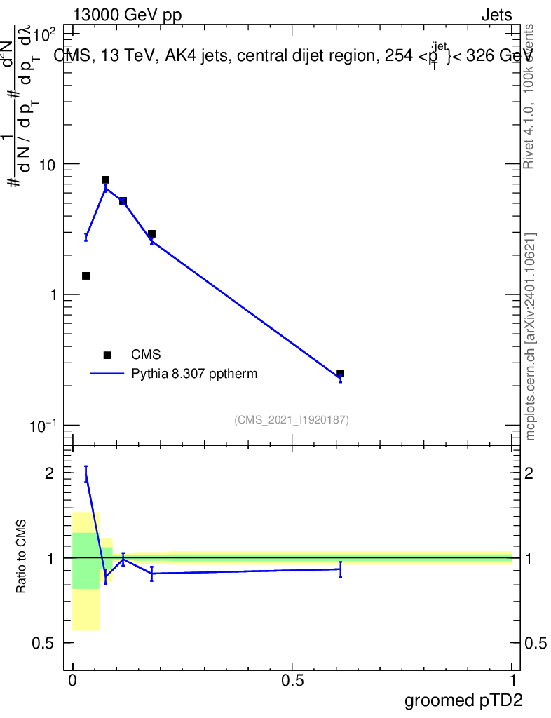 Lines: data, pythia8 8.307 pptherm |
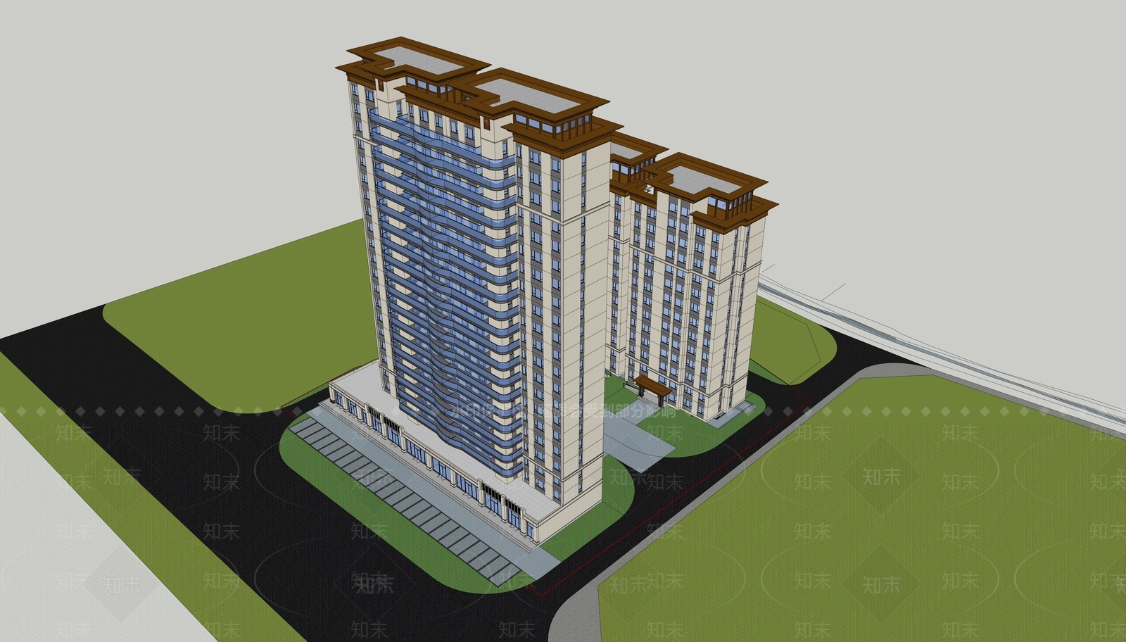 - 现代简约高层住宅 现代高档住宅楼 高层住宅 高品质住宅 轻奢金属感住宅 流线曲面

============================================================

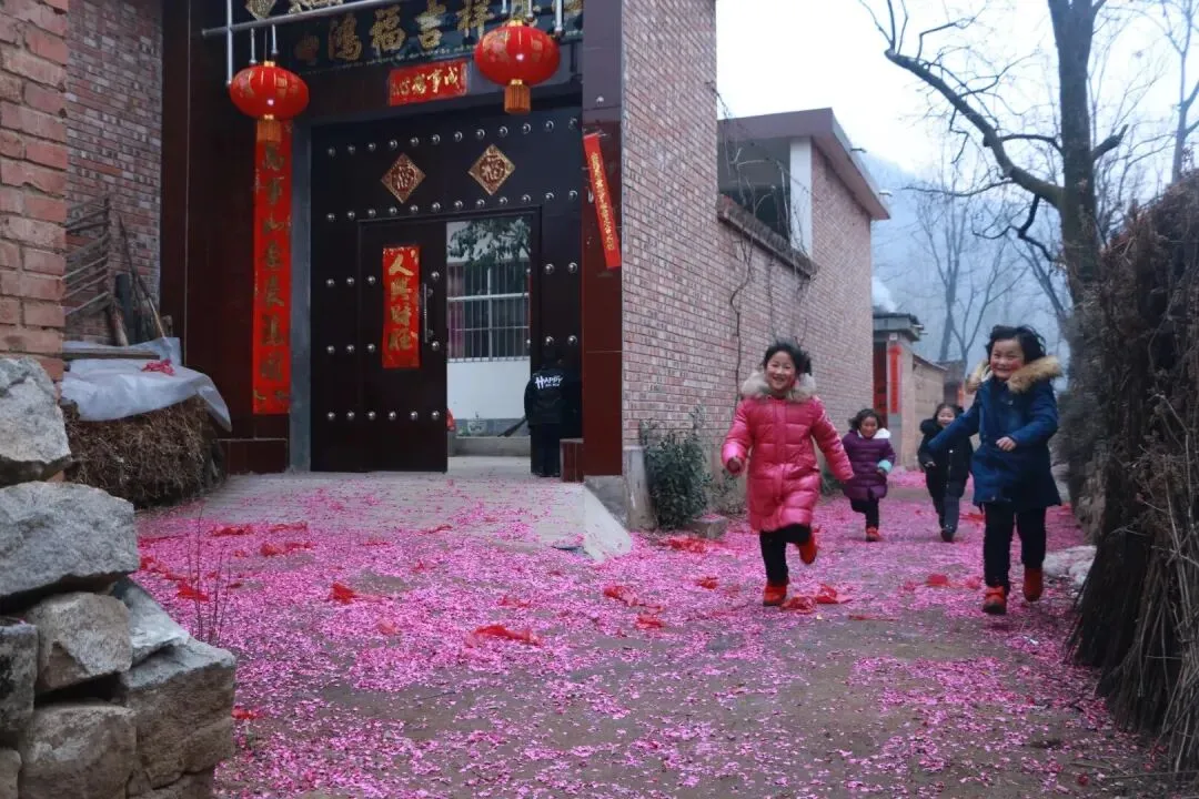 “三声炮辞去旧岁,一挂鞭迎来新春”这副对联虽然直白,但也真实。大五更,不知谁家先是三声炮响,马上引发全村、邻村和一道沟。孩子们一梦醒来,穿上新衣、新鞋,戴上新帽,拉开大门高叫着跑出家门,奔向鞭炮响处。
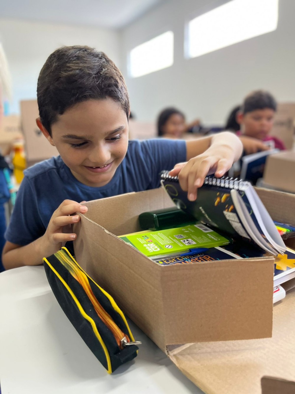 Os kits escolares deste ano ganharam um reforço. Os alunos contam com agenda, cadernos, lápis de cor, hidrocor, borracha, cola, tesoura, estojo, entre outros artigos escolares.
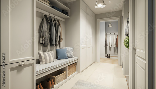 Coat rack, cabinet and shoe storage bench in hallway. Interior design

============================================================

→ WORK ITEM: Every line above between the one containing "Lines: data, pythia8 8.307 pptherm |" and the one containing "- 现代简约高层住宅 现代高档住宅楼 高层住宅 高品质住宅 轻奢金属感住宅 流线曲面", those two included, is to be printed exactly. No pictures go into the copy.

→ YOUR SOLUTION:
 Lines: data, pythia8 8.307 pptherm |
 - 现代简约高层住宅 现代高档住宅楼 高层住宅 高品质住宅 轻奢金属感住宅 流线曲面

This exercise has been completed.